[Required work] One exact copy of the listing, minus the images, is the required answer.

---

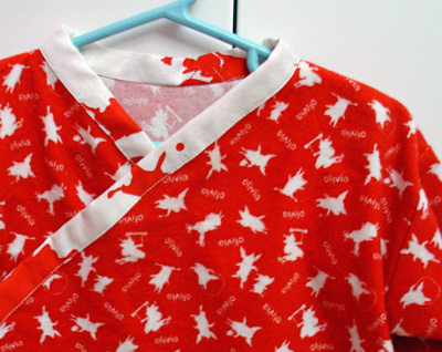 Wee, who hates trying anything on, was like a different kid when I was finishing these, coming to watch me sew the final seams and jumping for joy when it was time to put them on. She loves the tiny little Olivias all over the fabric and will spend whole minutes staring at her top to find Olivia on her scooter or Olivia wearing her tutu.
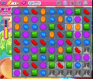 - Jelly squares at the top of the board and at the corners can be tricky, since these are the hardest spot to match candies. Watch out for these, and try to clear the board first.
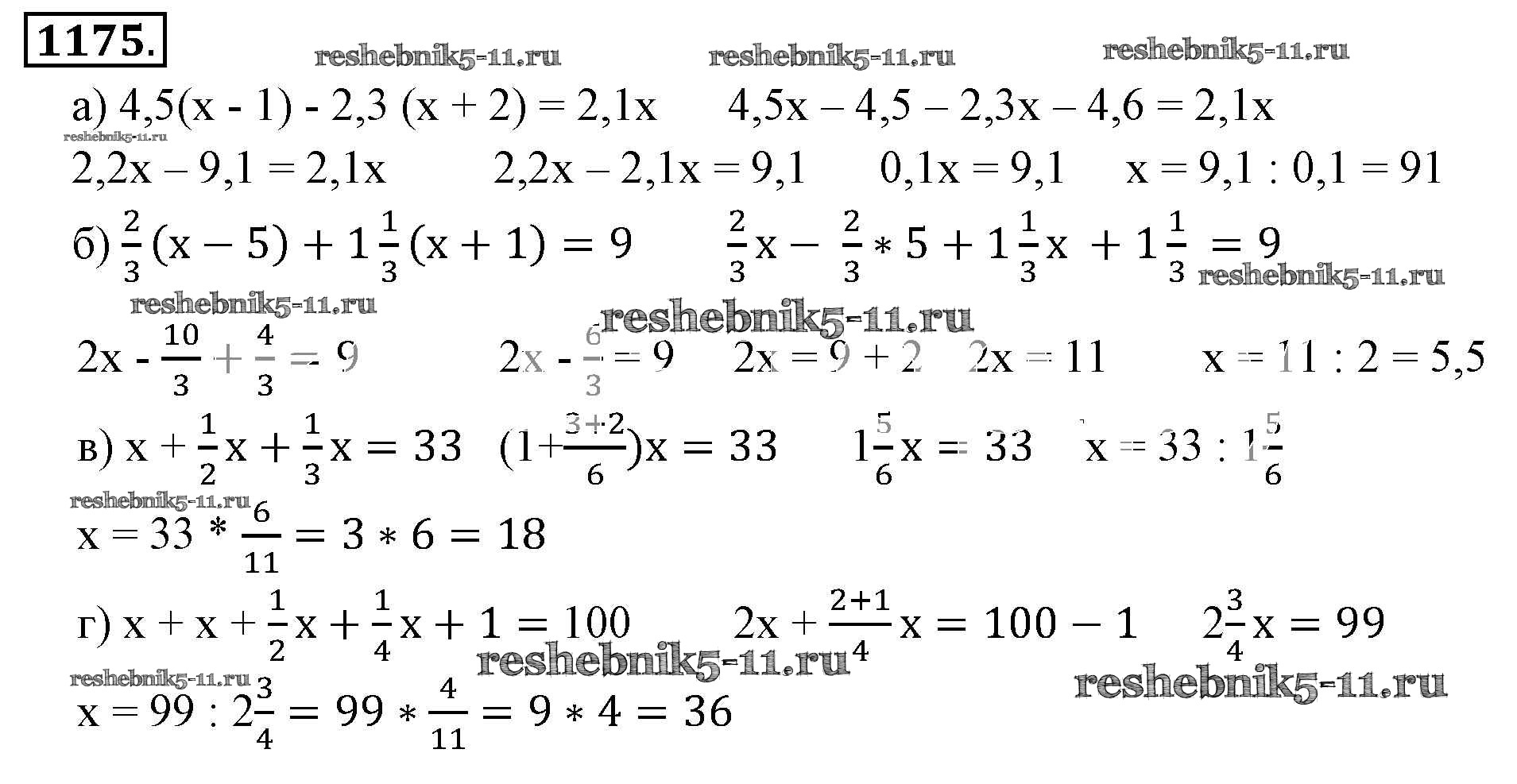 Готовая домашняя работа с ответами по Математике за 6 класс Никольский, Потапов, Решетников, Шевкин Учебник МГУ - школе Просвещение 2014 ФГОС - Номера 1175
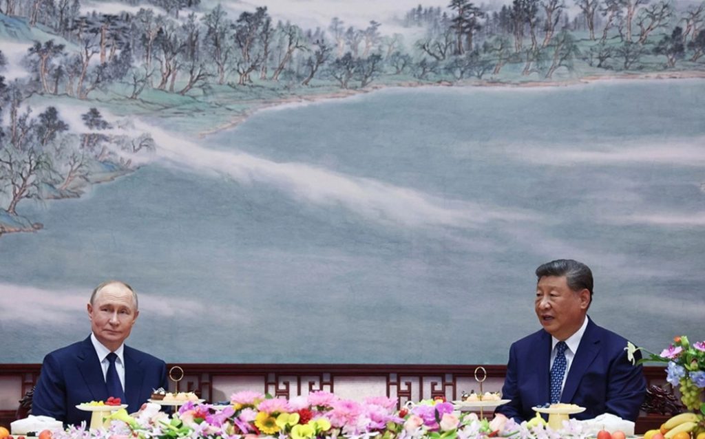 Los presidentes Vladimir Putin, de Rusia, y Xi Jinping, de China, durante su encuentro de ayer en el Gran Salón del Pueblo en Pekín, China. Foto Ap
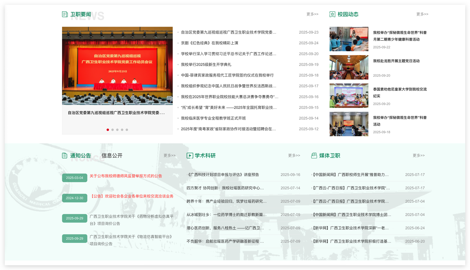通过这些设计措施,广西卫生职业技术学院的网站群在视觉美感、品牌识别和交互便捷性上取得了良好的平衡。

---

[Task answer]
 Wee, who hates trying anything on, was like a different kid when I was finishing these, coming to watch me sew the final seams and jumping for joy when it was time to put them on. She loves the tiny little Olivias all over the fabric and will spend whole minutes staring at her top to find Olivia on her scooter or Olivia wearing her tutu.
 - Jelly squares at the top of the board and at the corners can be tricky, since these are the hardest spot to match candies. Watch out for these, and try to clear the board first.
 Готовая домашняя работа с ответами по Математике за 6 класс Никольский, Потапов, Решетников, Шевкин Учебник МГУ - школе Просвещение 2014 ФГОС - Номера 1175
 Los presidentes Vladimir Putin, de Rusia, y Xi Jinping, de China, durante su encuentro de ayer en el Gran Salón del Pueblo en Pekín, China. Foto Ap
通过这些设计措施,广西卫生职业技术学院的网站群在视觉美感、品牌识别和交互便捷性上取得了良好的平衡。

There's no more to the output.